Wobei, nicht gänzlich umsonst: Ein Highlight des Mannschaftskampfes fand abseits der Schachbretter statt, nämlich auf den Obstbrettern im Vorraum. Carina hatte wieder einiges vorbereitet:

Carina hat für gesunde Snacks in ansprechender Form gesorgt

Mit einem 0:1-Rückstand starteten wir also in die Partien. Neben GM Matthias Wahls war noch IM Anita Gara angereist, aber ansonsten keine weiteren IMs oder 2200er aus dem Großhansdorfer Schwergewichts-Vorrat. Unser Brett 2 würde also eine knifflige Aufgabe haben, aber der Rest des Teams sollte zumindest in Schlagdistanz sein. Also noch alles drin.

Die erste Partie war wohl die von Alexander Schneider.
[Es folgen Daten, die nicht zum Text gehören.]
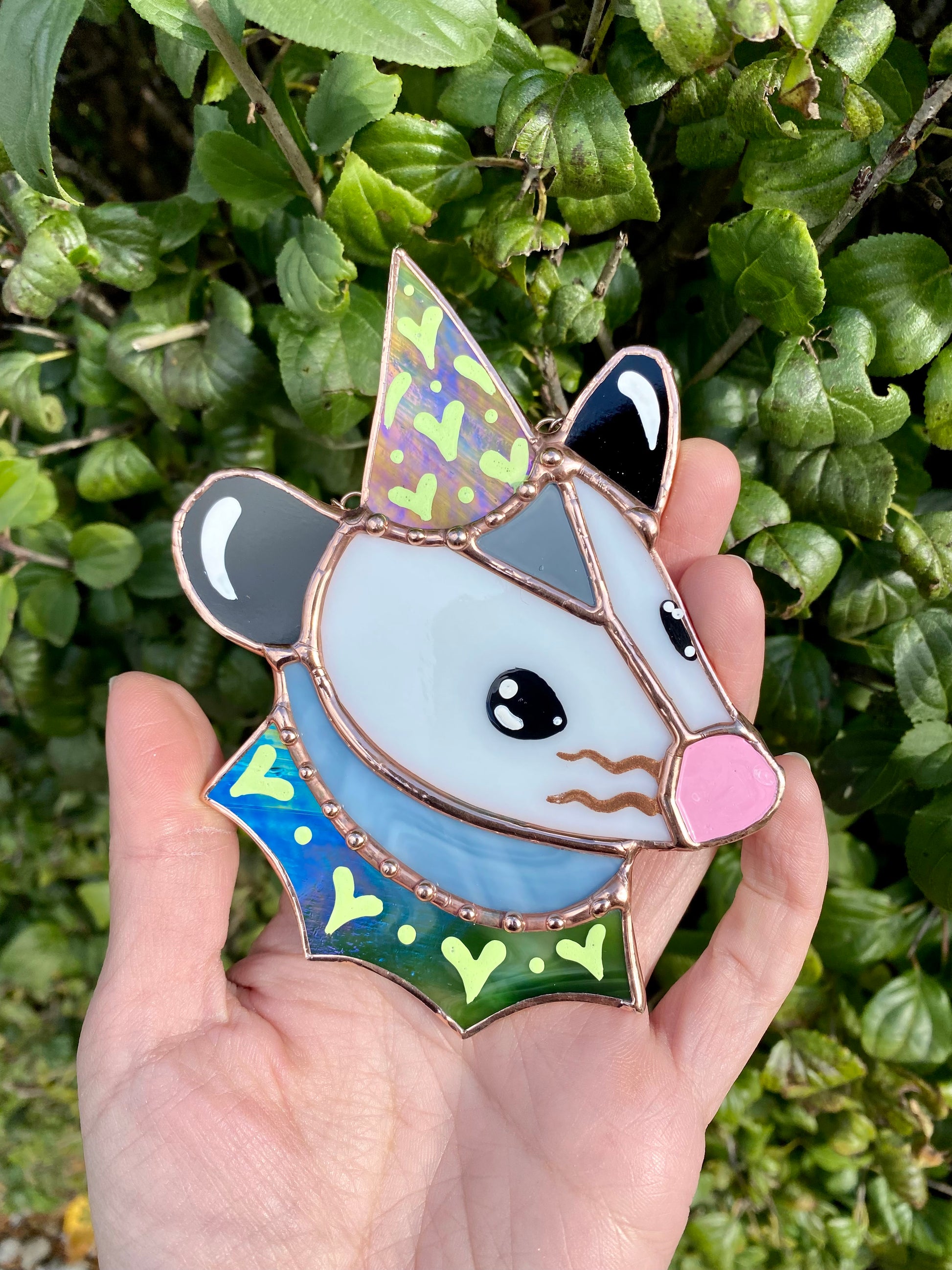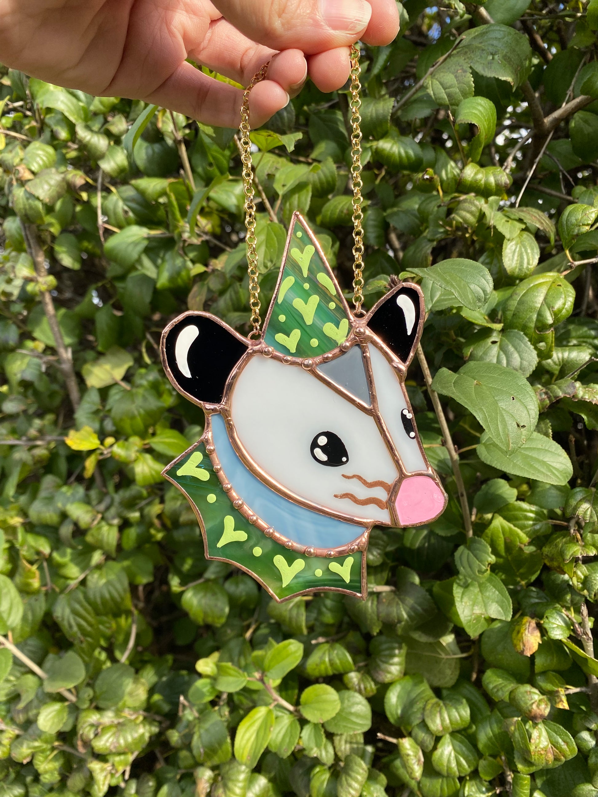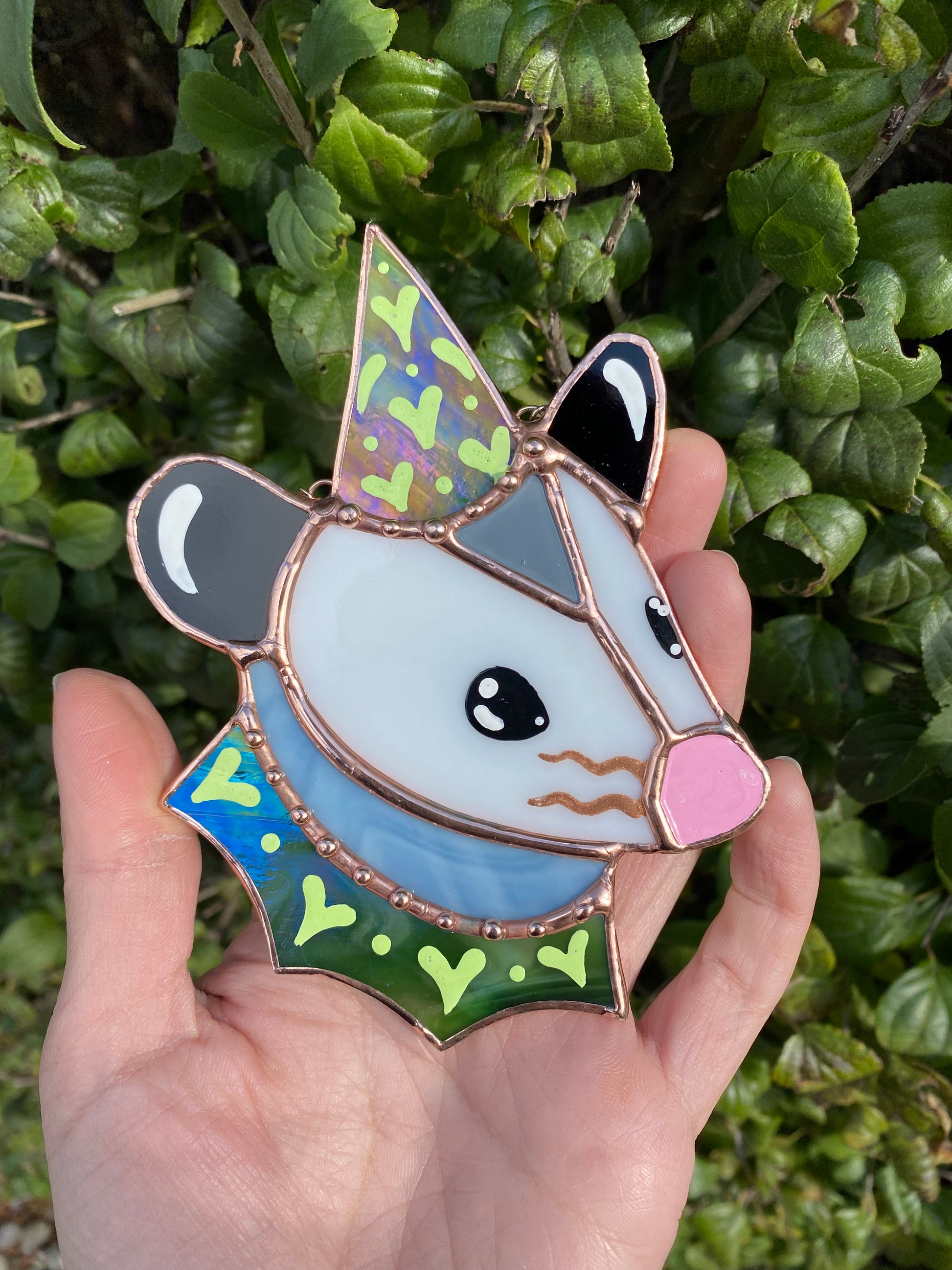 Green Iridescent Heart Opossum Stained Glass Ornament

Hier ist mir nicht nur die Partie entgangen, sondern auch Alexander: Direkt vor dem Mannschaftskampf war ich noch mit Vorbereitung beschäftigt gewesen und habe gar nicht alle anderen begrüßt; und Alexander war schon fertig und abgereist bevor ich meine erste Zuguck-Runde bei den anderen Brettern gedreht hatte. Da standen die Könige schon nebeneinander in der Brettmitte um das Remis zu signalisieren, und ich konnte nur anhand des Durchschlags des Partieformulars erkennen dass hier Alexander am Werk war. Die Partie selber habe ich nur im Nachhinein gesehen, und sie war kurz und unaufgeregt. Solides Schwarzremis: 0,5 zu 1,5 gegen uns.

Hier ist der Beweis: Alexander Schneider war da. Im Hintergrund GM Matthias Wahls ohne Gegner.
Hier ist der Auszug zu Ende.